Hayyam şefkatle sarıldı ona. İç geçirdi:
– En azından neler düşündüğümüzü açıklamaya vaktimiz olsaydı bu aptalca kavga unutulup giderdi, biliyorum, ama zaman sıkıştırıyor bizi, bu boz bulanık dakikalara tüm istikbalimizi yatırmaya zorluyor bizi.
O da bir damla gözyaşının aktığını duydu yüzünden aşağı. Gözyaşını gizlemek istedi, ama Cihan deli gibi sarıldı ona, yüzünü yüzüne yapıştırdı.

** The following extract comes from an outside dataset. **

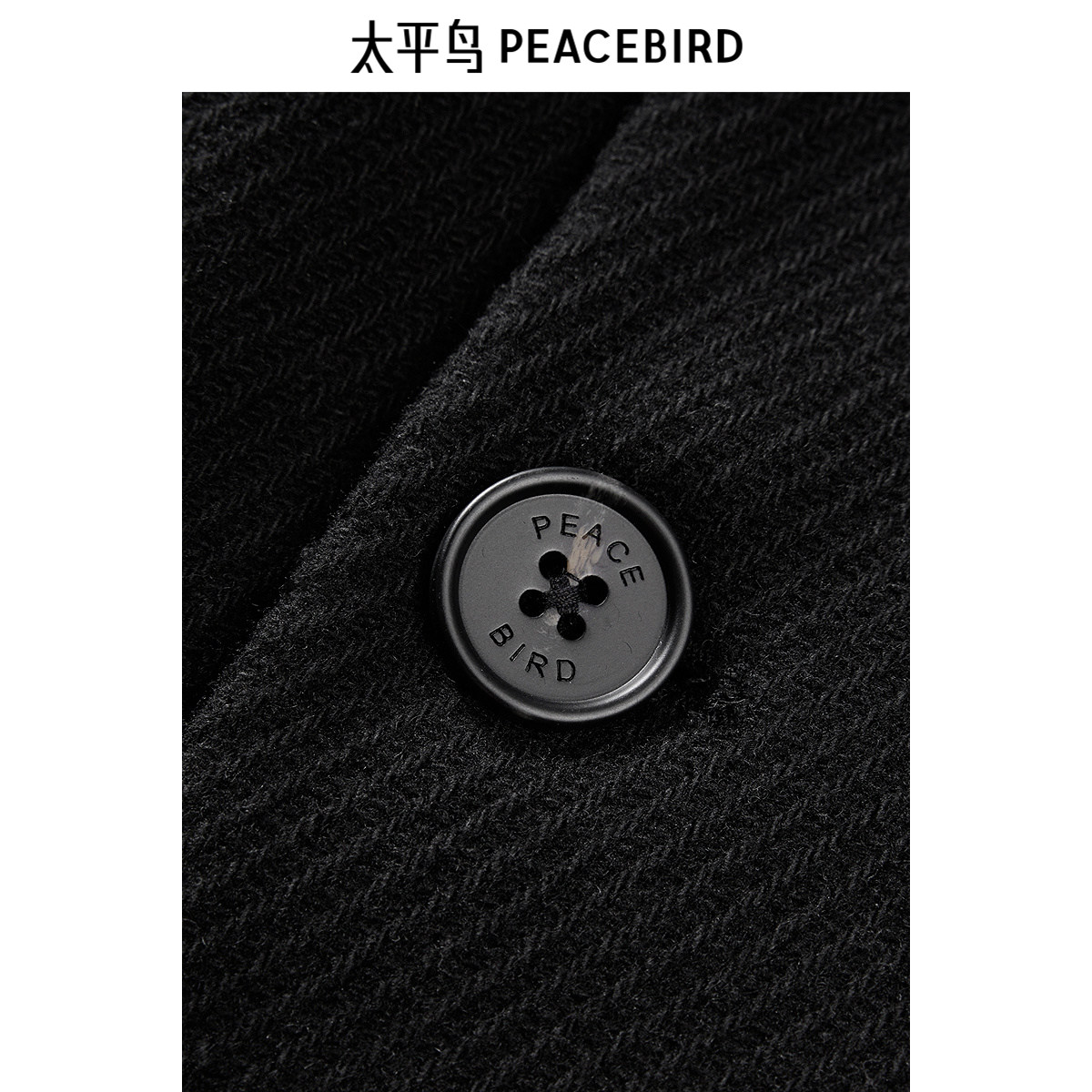 【商场同款】太平鸟男装 黑色休闲羊毛双面呢长款大衣男B1AAE4309

– Benden yazılarını gizleyebilirsin, gözyaşlarını değil. Onları görmek, onlara dokunmak, benimkilere karıştırmak istiyorum, yanaklarımda izleri, dilimde tuzlu tatları kalsın istiyorum. Sanki birbirlerini parçalamaya, boğmaya, yok etmeye uğraşıyorlardı.
Elleri telaş içindeydi, giysileri sağa sola saçılıyordu. Yakıcı gözyaşlarının alazına tutulmuş o iki beden eşsiz ve unutulmaz bir aşk gecesi yaşadı. Ateş yayıldı, ikisini de sardı, sarmaladı, sarhoş etti, tutuşturdu, tenleri kaynaşıp hazzın doruklarında eridi. Masanın üstünde bir kum saati damla damla akıtıyordu vakti, ateş yatıştı, alevler titrek titrek dalgalandı son bir kez, sonra söndü. Uzun uzun soludular birbirlerini. Ömer ona veya meydan okudukları kadere mırıldandı:
– Kavgamız daha yeni başlıyor.
Cihan, gözleri kapalı, sımsıkı sarıldı ona.
– Şafak sökene kadar uyutma beni!
Ertesi gün yazmada iki yeni mısra. Titrek, tereddüt dolu ve işkence çeken bir el yazısı:
Sevgilinin yanında yapayalnızdın Hayyam!
Şimdi sığınabilirsin ona, artık gitti madem.
(s.69-70-71)
Maalouf, Amin(1993). Semerkant,(çev. Ali Berktay), Yapı Kredi Yayınları, İstanbul.